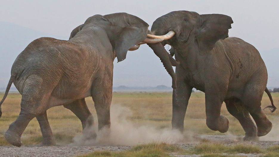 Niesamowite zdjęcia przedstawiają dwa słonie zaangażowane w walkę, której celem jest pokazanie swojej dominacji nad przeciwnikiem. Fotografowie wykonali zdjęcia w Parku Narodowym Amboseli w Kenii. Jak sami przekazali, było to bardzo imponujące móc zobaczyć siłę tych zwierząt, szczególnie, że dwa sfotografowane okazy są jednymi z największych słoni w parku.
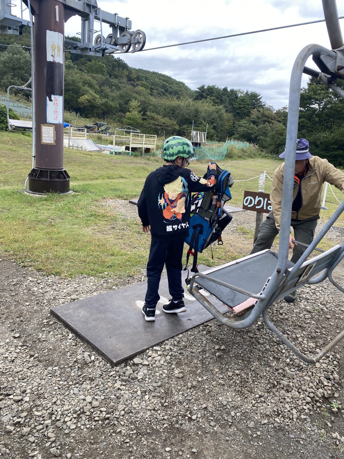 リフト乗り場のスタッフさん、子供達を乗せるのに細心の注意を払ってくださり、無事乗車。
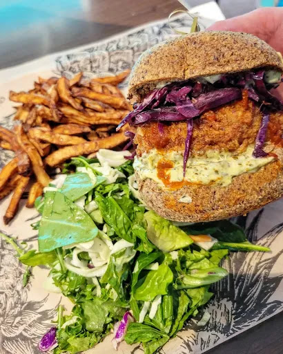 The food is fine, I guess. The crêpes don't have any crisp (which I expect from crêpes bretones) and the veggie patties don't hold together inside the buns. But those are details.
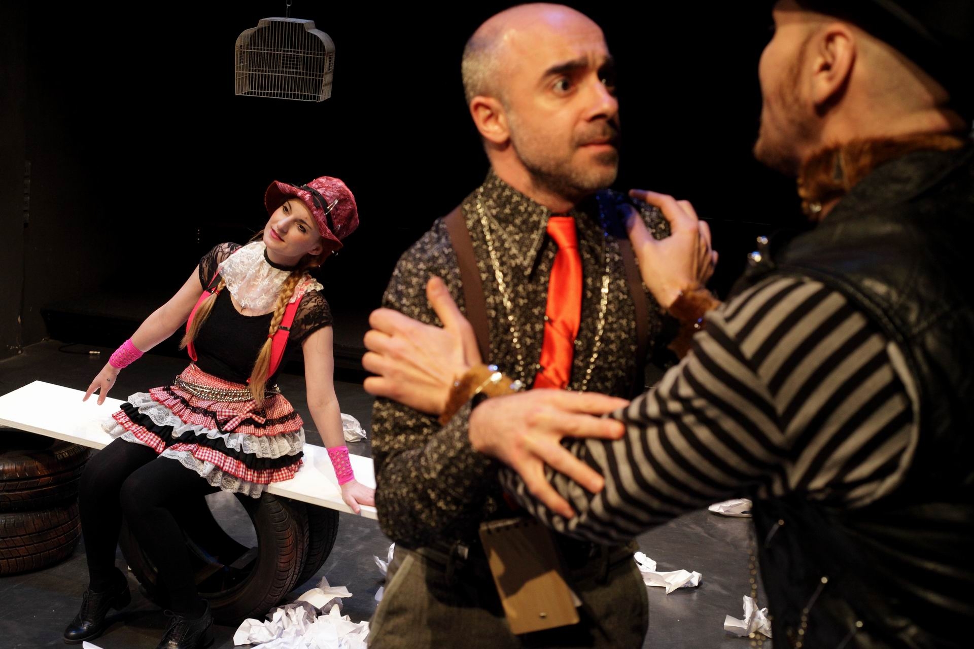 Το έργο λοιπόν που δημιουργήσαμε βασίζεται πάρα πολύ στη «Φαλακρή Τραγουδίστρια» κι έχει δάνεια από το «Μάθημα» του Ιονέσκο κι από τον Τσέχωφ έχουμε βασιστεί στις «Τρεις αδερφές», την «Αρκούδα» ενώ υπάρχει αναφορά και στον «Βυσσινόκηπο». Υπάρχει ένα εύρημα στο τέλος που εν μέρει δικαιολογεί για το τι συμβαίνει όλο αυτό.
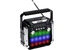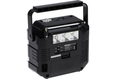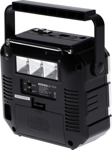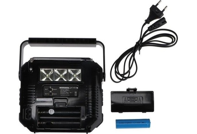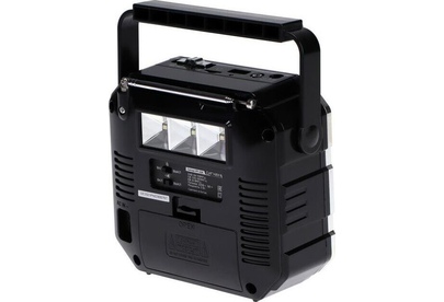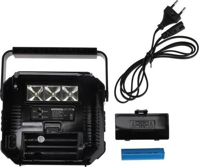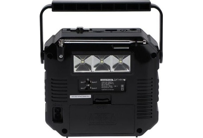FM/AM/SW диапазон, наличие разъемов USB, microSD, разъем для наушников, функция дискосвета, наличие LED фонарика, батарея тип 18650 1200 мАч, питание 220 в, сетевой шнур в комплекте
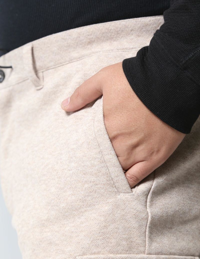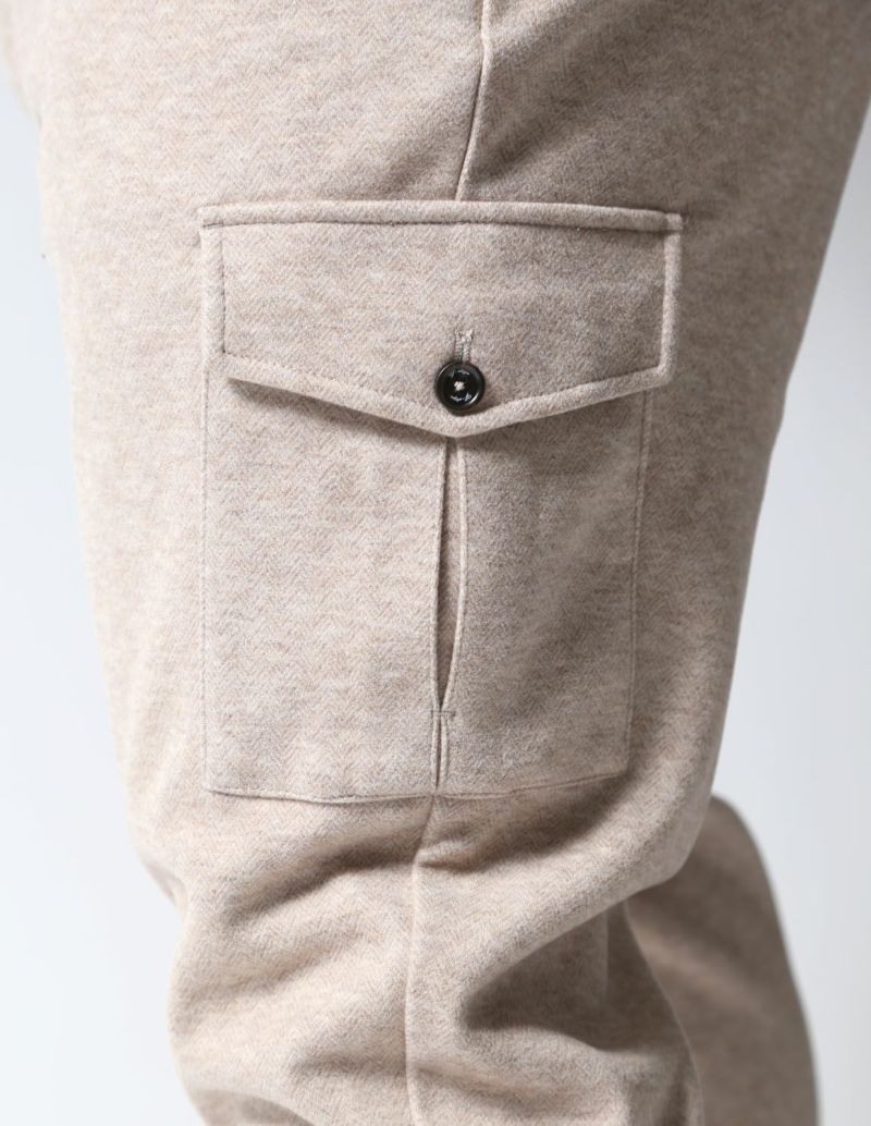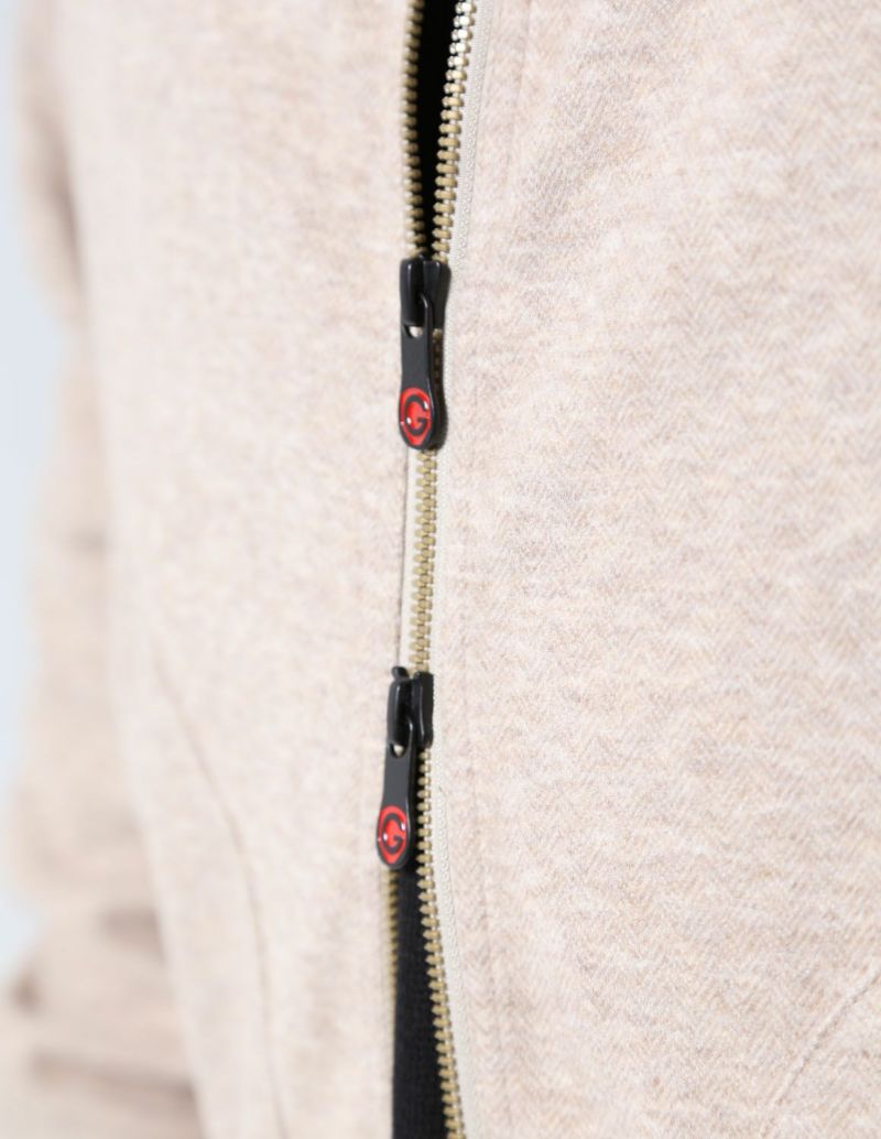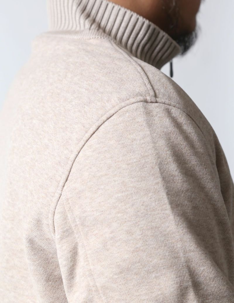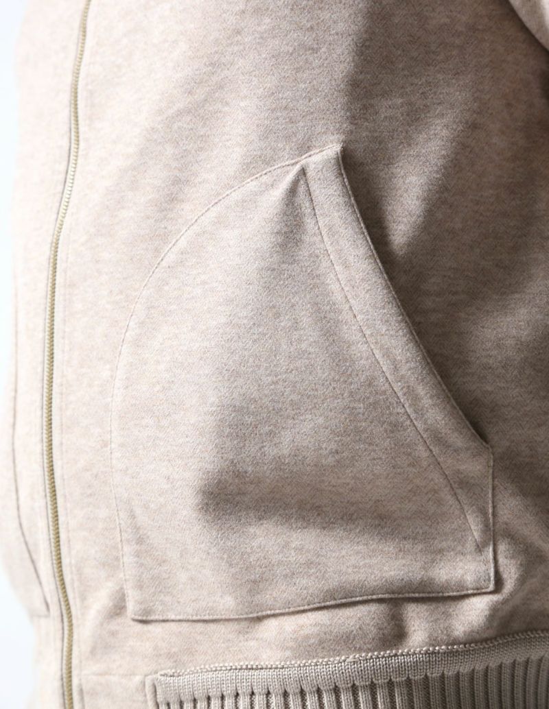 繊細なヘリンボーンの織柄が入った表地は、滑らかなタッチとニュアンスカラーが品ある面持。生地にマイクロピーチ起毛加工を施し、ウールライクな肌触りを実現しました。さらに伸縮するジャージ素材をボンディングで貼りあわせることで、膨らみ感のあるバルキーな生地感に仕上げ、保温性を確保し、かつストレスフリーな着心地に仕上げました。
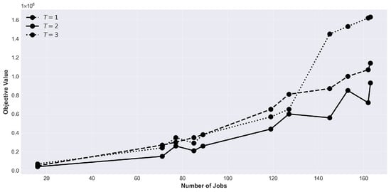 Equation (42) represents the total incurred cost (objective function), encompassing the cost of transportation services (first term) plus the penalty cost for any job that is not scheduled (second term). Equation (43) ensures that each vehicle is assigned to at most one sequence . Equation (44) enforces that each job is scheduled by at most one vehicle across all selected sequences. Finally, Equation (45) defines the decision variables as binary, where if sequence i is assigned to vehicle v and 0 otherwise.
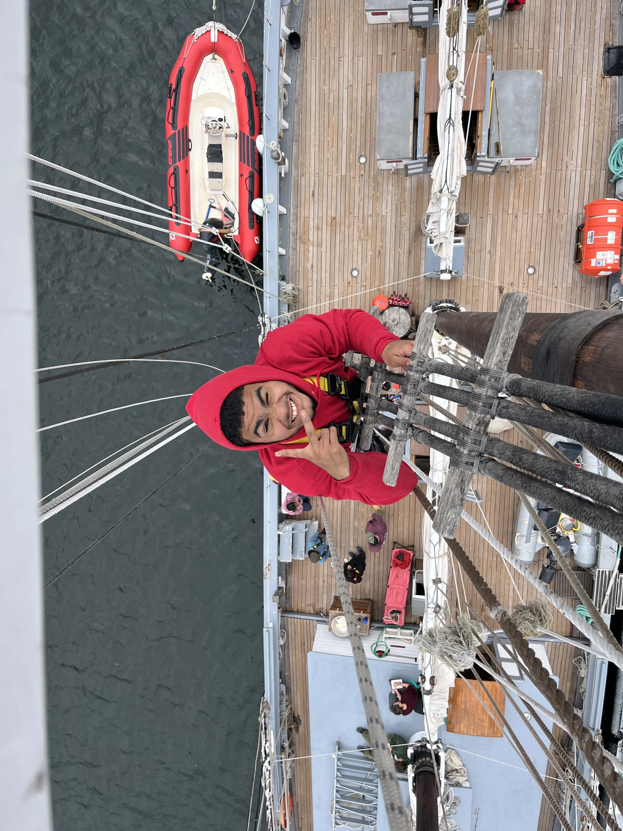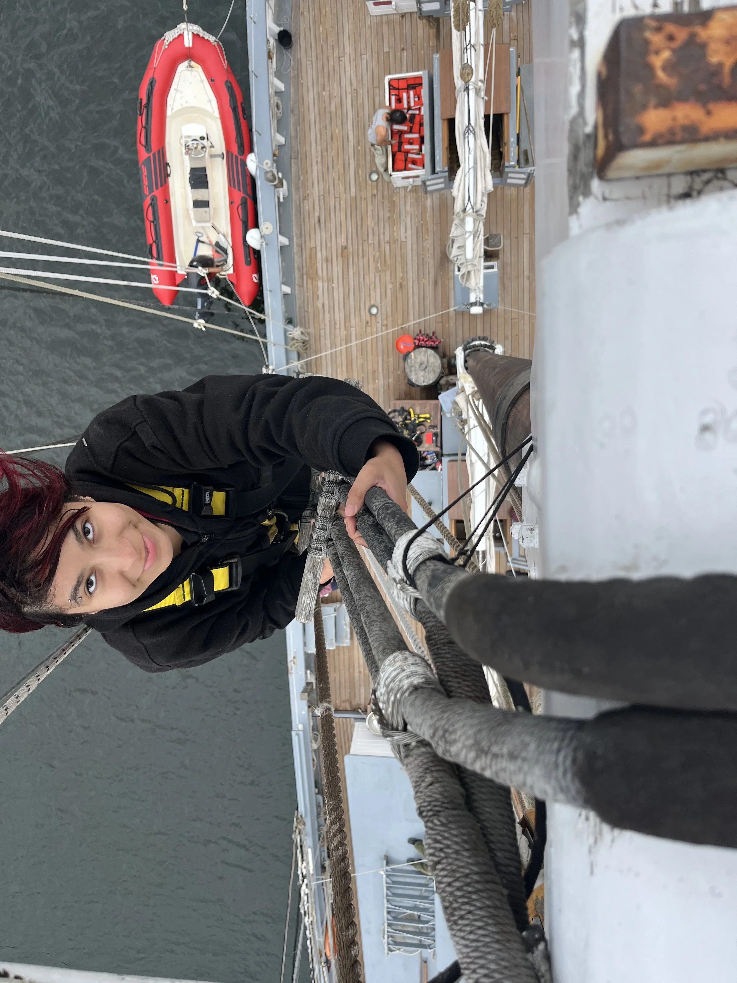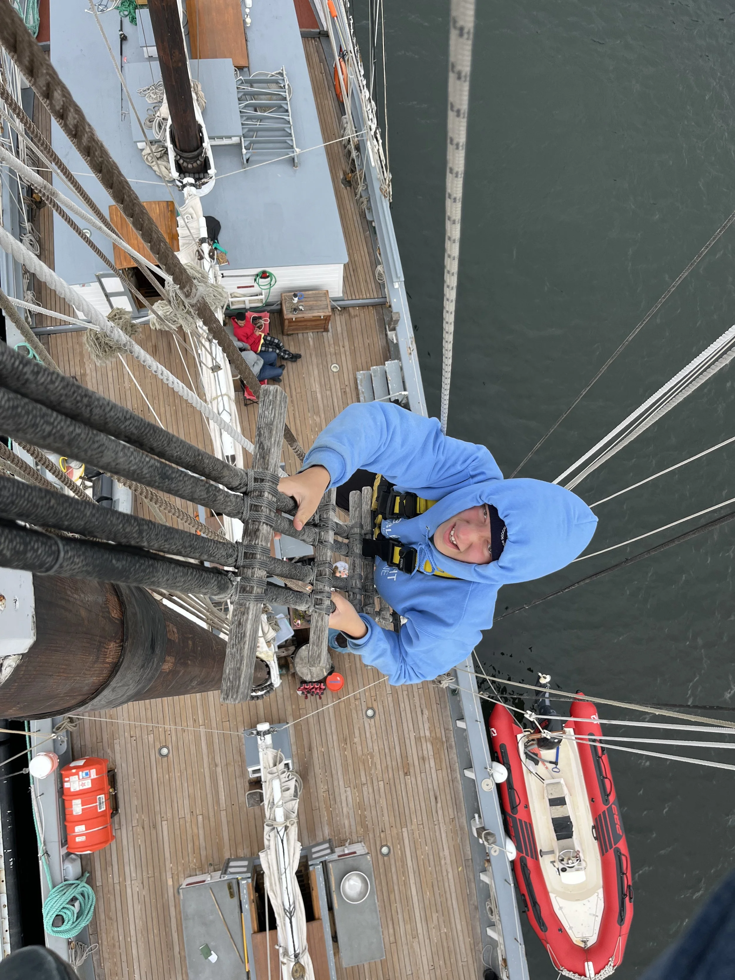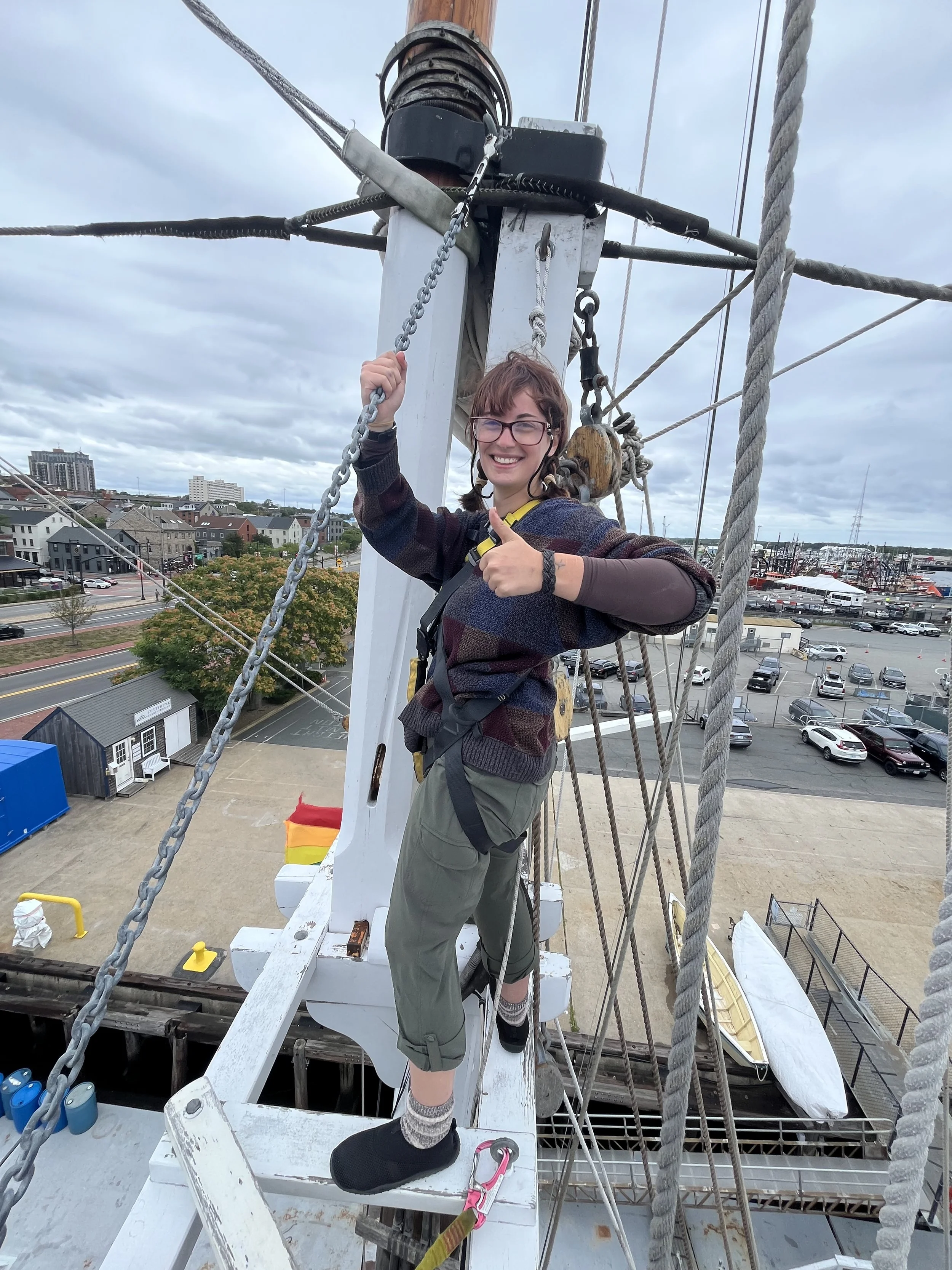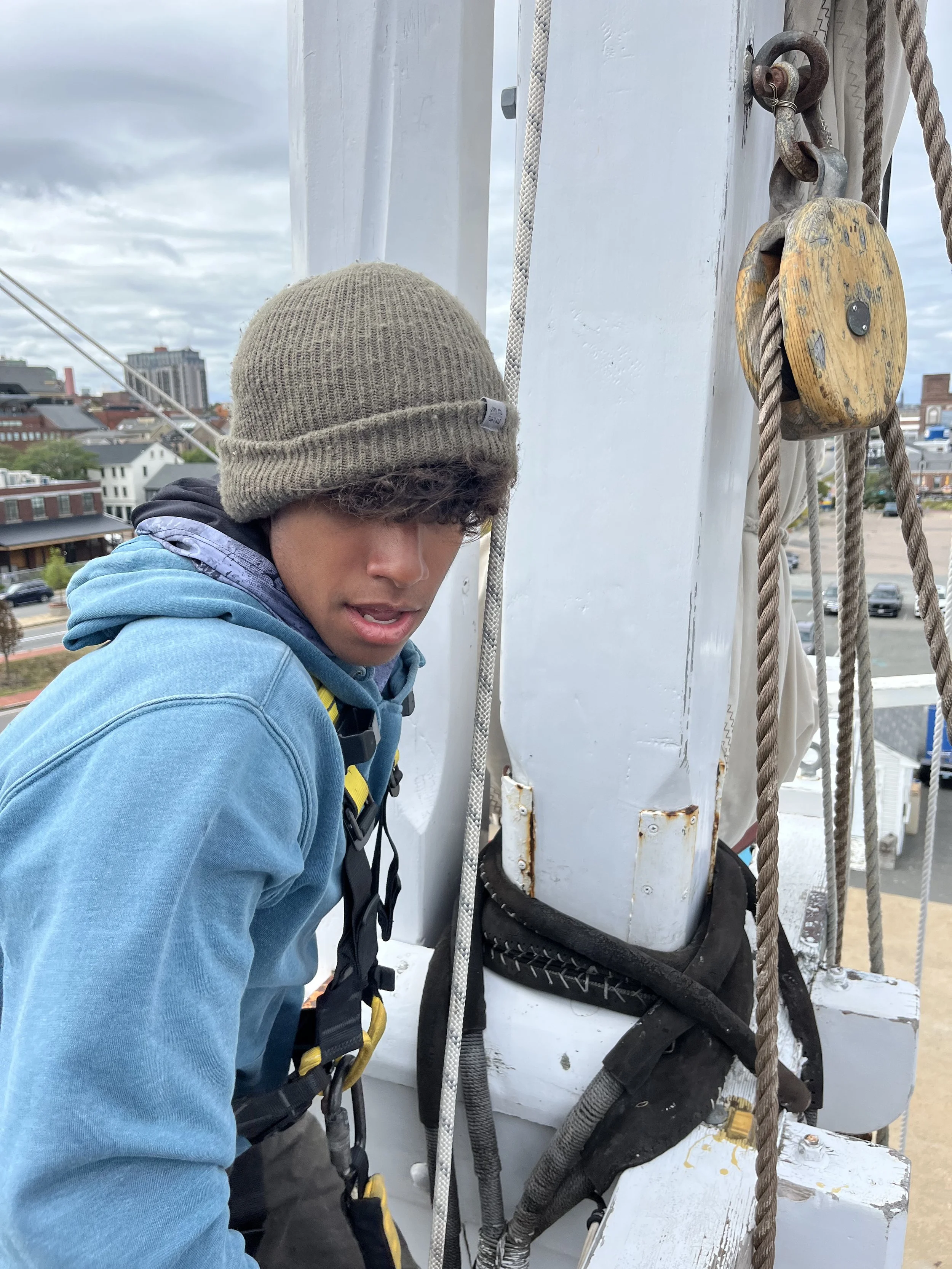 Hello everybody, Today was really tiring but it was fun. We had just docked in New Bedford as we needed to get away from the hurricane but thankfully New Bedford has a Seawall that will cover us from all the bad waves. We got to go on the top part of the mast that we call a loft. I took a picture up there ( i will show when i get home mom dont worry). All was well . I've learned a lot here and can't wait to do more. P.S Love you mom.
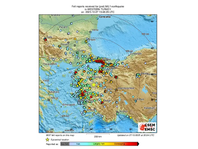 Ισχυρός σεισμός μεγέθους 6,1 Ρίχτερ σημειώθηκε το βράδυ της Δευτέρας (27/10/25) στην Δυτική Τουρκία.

### TASK TO COMPLETE
From the opening line of the entries above to the line that holds "The food is", inclusive, reproduce each line exactly and omit any picture.

### SOLVED EXERCISE
 Niesamowite zdjęcia przedstawiają dwa słonie zaangażowane w walkę, której celem jest pokazanie swojej dominacji nad przeciwnikiem. Fotografowie wykonali zdjęcia w Parku Narodowym Amboseli w Kenii. Jak sami przekazali, było to bardzo imponujące móc zobaczyć siłę tych zwierząt, szczególnie, że dwa sfotografowane okazy są jednymi z największych słoni w parku.
 リフト乗り場のスタッフさん、子供達を乗せるのに細心の注意を払ってくださり、無事乗車。
 The food is fine, I guess. The crêpes don't have any crisp (which I expect from crêpes bretones) and the veggie patties don't hold together inside the buns. But those are details.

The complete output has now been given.